Émile Benveniste, « La notion de 'rythme' dans son expression linguistique », in Problèmes de linguistique générale 1, Paris, Gallimard, Tel, 1966, p. 332-335.

« … Les citations suffisent amplement à établir : 1° que ruthmos ne signifie jamais ‘rythme’ depuis l’origine jusqu’à la période attique ; 2° qu’il n’est jamais appliqué au mouvement régulier des flots ; 3° que le sens constant est ‘forme distinctive ; figure proportionnée ; disposition’, dans les conditions d’emploi les plus variés. […]
Ce sens établi, on peut et il faut le préciser. Pour ‘forme’, il y a en grec d’autres expressions […]
ruthmos, d’après les contextes où il est donné, désigne la forme dans l’instant qu’elle est assumée par ce qui est mouvant, mobile, fluide, la forme de ce qui n’a pas consistance organique : il convient au pattern d’un élément fluide, à une lettre arbitrairement modelée, à un péplos qu’on arrange à son gré, à la disposition particulière du caractère ou de l’humeur. C’est la forme improvisée, momentanée, modifiable. Or, rein est le prédicat essentiel de la nature et des choses dans la philosophie ionienne depuis Héraclite, et Démocrite pensait que, tout étant produit par les atomes, seul leur arrangement différent produit la différence des formes et des objets. On peut alors comprendre que ruthmos, signifiant littéralement ‘manière particulière de fluer’, ait été le terme le plus propre à décrire des ‘dispositions’ ou des ‘configurations’ sans fixité ni nécessité naturelle et résultant d’un arrangement toujours sujet à changer ».
[Benveniste écrit bien évidemment les mots grecs en grec !]
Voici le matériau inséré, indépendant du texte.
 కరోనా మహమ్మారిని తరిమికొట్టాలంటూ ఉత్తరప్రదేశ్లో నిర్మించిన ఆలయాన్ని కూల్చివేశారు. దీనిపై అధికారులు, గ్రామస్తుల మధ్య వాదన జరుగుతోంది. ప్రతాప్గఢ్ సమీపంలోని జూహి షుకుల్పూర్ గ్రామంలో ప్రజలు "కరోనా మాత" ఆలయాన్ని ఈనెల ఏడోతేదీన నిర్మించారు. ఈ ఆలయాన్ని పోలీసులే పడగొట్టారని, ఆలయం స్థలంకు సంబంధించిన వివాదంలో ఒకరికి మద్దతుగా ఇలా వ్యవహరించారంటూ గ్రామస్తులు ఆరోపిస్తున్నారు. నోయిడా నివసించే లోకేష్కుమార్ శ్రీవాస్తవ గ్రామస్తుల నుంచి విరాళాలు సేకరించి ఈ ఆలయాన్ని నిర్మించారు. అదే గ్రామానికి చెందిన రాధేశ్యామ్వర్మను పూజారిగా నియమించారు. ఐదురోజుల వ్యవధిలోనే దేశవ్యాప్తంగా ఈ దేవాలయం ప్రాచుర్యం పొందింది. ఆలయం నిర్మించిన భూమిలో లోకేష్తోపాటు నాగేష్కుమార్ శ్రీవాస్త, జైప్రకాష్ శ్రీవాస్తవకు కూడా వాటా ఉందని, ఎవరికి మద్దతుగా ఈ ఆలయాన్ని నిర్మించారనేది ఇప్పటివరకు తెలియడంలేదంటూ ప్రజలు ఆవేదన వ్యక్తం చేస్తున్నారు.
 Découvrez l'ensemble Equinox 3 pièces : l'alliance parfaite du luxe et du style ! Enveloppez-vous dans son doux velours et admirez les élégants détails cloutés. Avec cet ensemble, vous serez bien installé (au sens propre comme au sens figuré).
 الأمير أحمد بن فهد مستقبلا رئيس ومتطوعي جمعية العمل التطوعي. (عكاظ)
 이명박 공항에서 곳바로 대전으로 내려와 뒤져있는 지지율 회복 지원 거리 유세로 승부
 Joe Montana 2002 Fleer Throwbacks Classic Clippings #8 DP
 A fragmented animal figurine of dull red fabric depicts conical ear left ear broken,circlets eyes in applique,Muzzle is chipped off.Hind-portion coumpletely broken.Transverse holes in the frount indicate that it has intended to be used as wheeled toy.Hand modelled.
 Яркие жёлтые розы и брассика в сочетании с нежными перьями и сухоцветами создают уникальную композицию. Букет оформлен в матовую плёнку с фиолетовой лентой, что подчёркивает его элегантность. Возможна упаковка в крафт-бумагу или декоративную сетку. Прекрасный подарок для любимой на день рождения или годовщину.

Andreï Tarkovski, « De la figure cinématographique », Positif, n° 249, décembre 1981, p. 35.

« Le rythme du film se crée en fonction du caractère du temps qui s’écoule dans le plan; ce n’est pas la longueur des morceaux montés qui le détermine, mais le degré de tension du temps qui suit son cours dans ces morceaux. Le “collage” ne peut déterminer le rythme ; ici, le montage, dans le meilleur des cas, n’est rien d’autre qu’un indice de style. Qui plus est, le temps s’écoule dans un film non pas grâce à eux mais malgré eux. À condition, bien entendu, que le réalisateur ait saisi correctement, dans les morceaux séparés, le caractère de l’écoulement du temps fixé dans les plans non assemblés se trouvant devant lui sur les étagères de la table de montage. »
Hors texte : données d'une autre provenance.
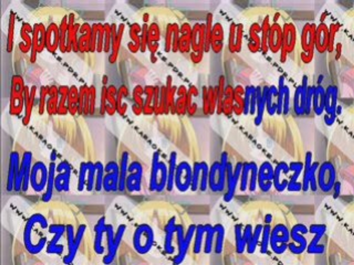 Moja mała blondyneczko, Czy ty o tym wiesz Tyle razy cię spotykam, W każdym moim śnie Moja mała blondyneczko, Czy ty o tym wiesz Tyle razy cię spotykam, W każdym moim śnie Lecz uwierz mi, przyjdzie taki czas Że wiosna wnet, znów połączy nas I spotkamy się nagle u stóg gór By razem iść, szukać własnych dróg Moja mała . . .
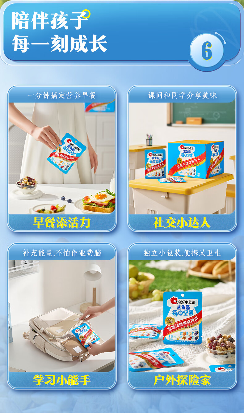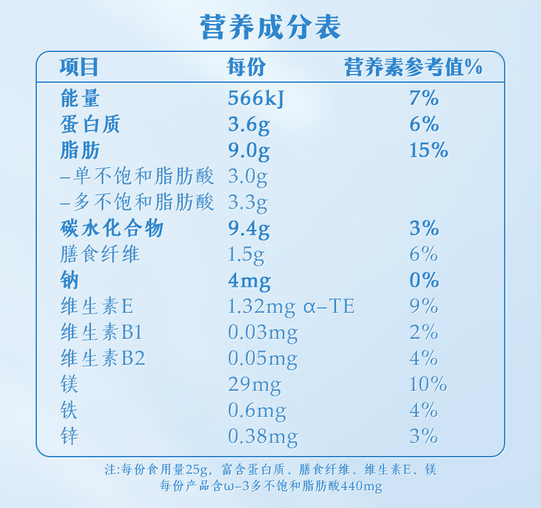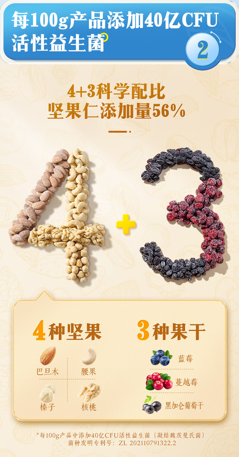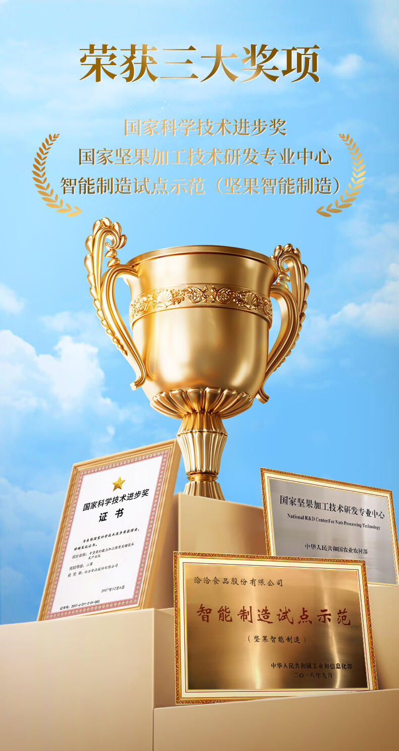 0添加白砂糖。好吃更健康,美味0负担;特别添加40亿洽洽专利活性益生菌/100g;100%当季采摘坚果:奶粉般保鲜包装保留坚果酥脆口
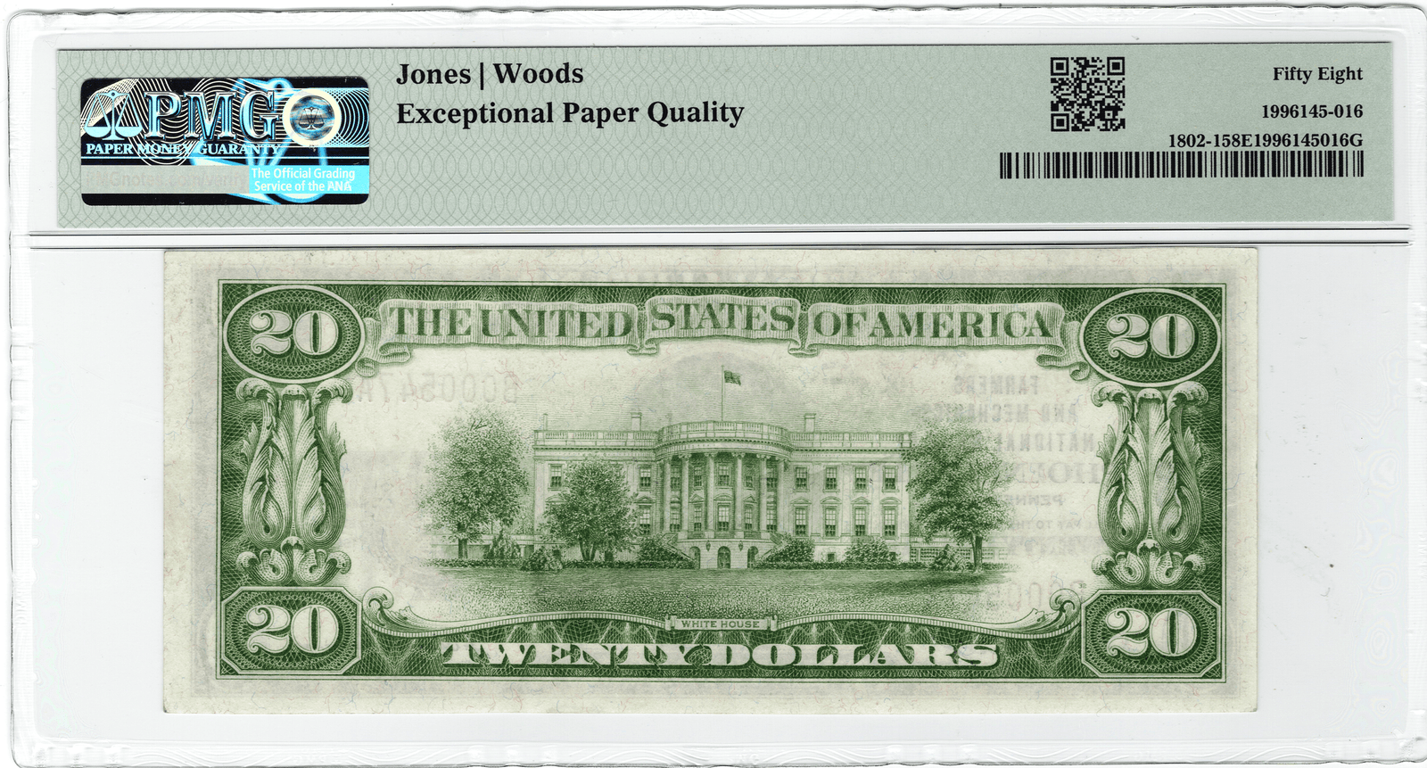 Discover a rare piece of American history with the $20 1929 Series Phoenixville, PA National Bank Charter 1936, serial 547A. This unique note is a certified treasure, verified by PMG as Choice 58 EPQ, ensuring its quality and authenticity.

Henri Maldiney, « Rencontre avec Henri Maldiney, par Annabelle Gugnon », Chimères, n° 44, Automne 2000, Clandestins, p. 170-174.

« Une œuvre d’art, c’est le sens de la forme, forme antérieure à tous les signes. Une forme diffère radicalement d’un signe, d’une image. Un signe : une flèche par exemple, elle est là, je peux aussi la mettre ailleurs, le signe reste le même. Une image aussi. Mais une forme, il n’est pas possible de l’extraire de l’œuvre sans la détruire parce qu’une forme est autocréatrice de son espace qui est son lieu. Il y a identité entre la forme et le lieu parce que justement ils sont tous deux issus en même temps du même rythme. Une forme n'est pas une image. Quand on identifie une forme, en disant “ceci a la forme d’un bras ou d’un visage, d’une maison, d’une colline ou d’une rivière”, il s’agit de la dimension imageante de la forme. De même si je dis “un cercle, une ellipse, un carré”, ce sont des dimensions descriptives : il leur correspond des structures toutes faites.
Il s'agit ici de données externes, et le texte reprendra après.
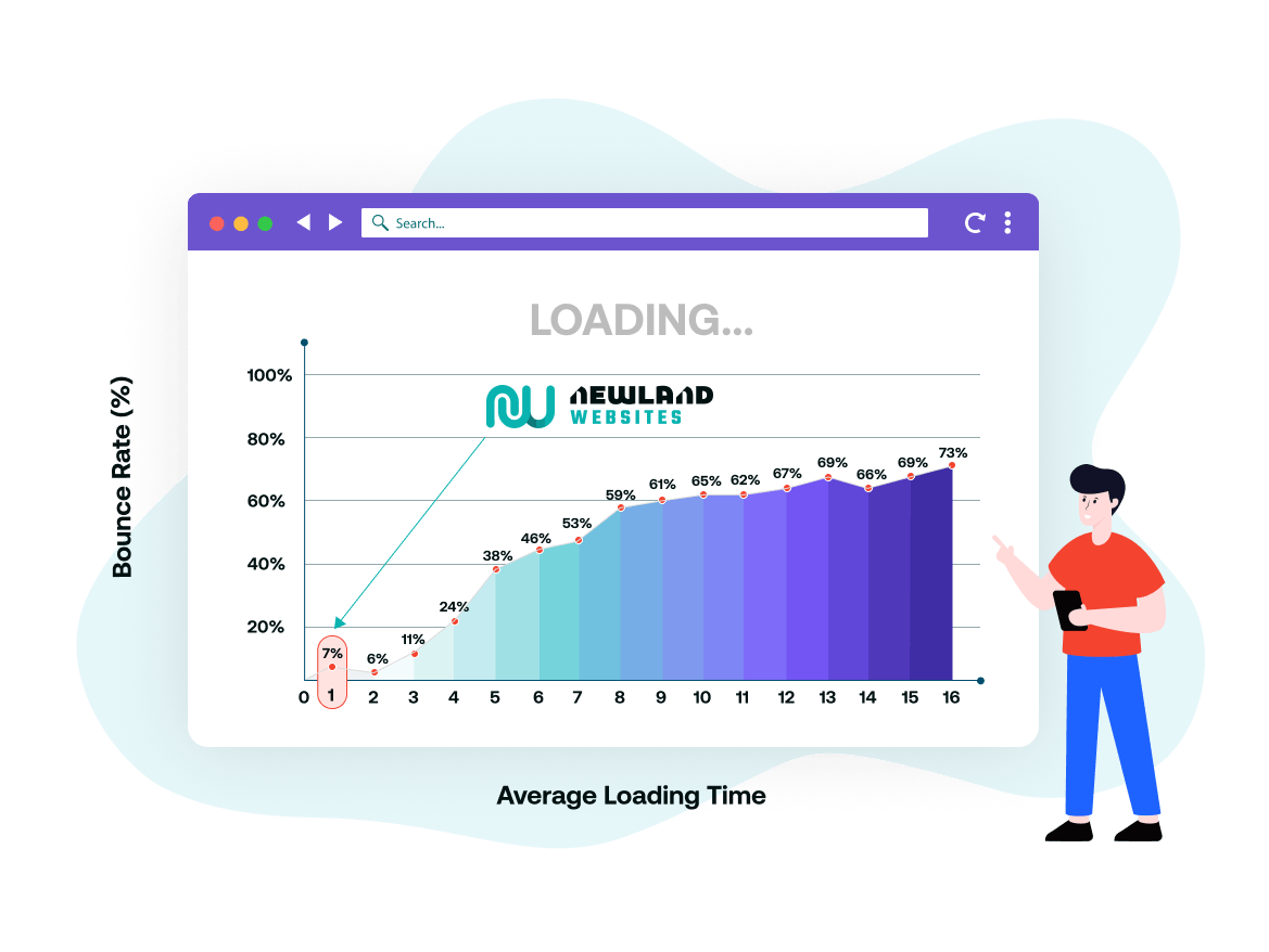 Our modern coding technologies speed up page load time. Our websites generally fully load in under one second. Do not let users bounce from your website because of page load speed issues. See the diagram below for the bounce rate of users depending on page load speed.
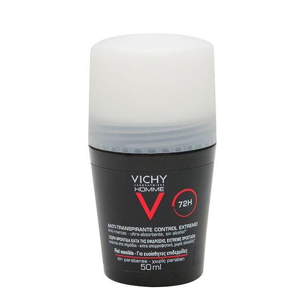 Este desodorante 72 horas Vichy Homme Antitranspirante Extreme Control proporciona un control del olor y el sudor de larga duración 72 horas, incluso en caso de transpiración excesiva. Es un antitranspirante 72 horas testado bajo control dermatológico, en pieles sensibles. Fórmula hipoalergénica.

La forme, elle, n’est que l’énonciation de la structure tandis que dans une forme artistique, la seule dimension de la forme c’est le rythme qui n’est réductible à rien d’objectif. Le rythme vous l’existez et vous existez en même temps que lui. Le rythme est un existantial, ce n’est pas un objet. Et vous êtes au rythme mais vous n’êtes jamais devant lui, c’est pourquoi il y a autant de rythmes que d’œuvres, toujours uniques. Il n’y a pas d’eurythmie. La preuve c’est qu’il n’y a pas de notation du rythme. Comment le noter ? On ne peut indiquer le rythme que par un autre rythme. Comme ceux qui dirigent une chorale : pour faire entendre, ils font le geste. Une notation est représentative et on ne peut représenter que des objets. Le rythme n’est pas un objet. Vous ne pouvez pas plus le représenter que le temps. Et vous ne pouvez pas donner de signe de l’espace lui-même parce que ce n’est pas un espace mesurable avec une règle, c’est un espace sensible. »

Georges Didi-Huberman, Du jour au lendemain, émission de France-Culture, 1999, entretien avec Alain Veinstein.

« … un des problèmes les plus intéressants dans l’œuvre de Pascal Convert : comment dans une œuvre d’art, ne pas s’épancher, ne pas raconter sa vie, ne pas faire toute une histoire avec ses affects, mais comment non plus ne pas croire être complètement détaché de tout… […] comment produire une forme qui ait une intensité mais que cette intensité soit impersonnelle…
Voilà ! Tout l’enjeu de ça c’est d’essayer de voir comment se construit une œuvre intense : en tant qu’elle est intense, elle nous concerne, donc elle est fatalement anthropomorphe, elle parle du sujet, elle parle de notre histoire, de l’existence, de tout ce que vous voudrez ! mais elle est complètement impersonnelle. Voilà, c’est ça qui m’intéresse.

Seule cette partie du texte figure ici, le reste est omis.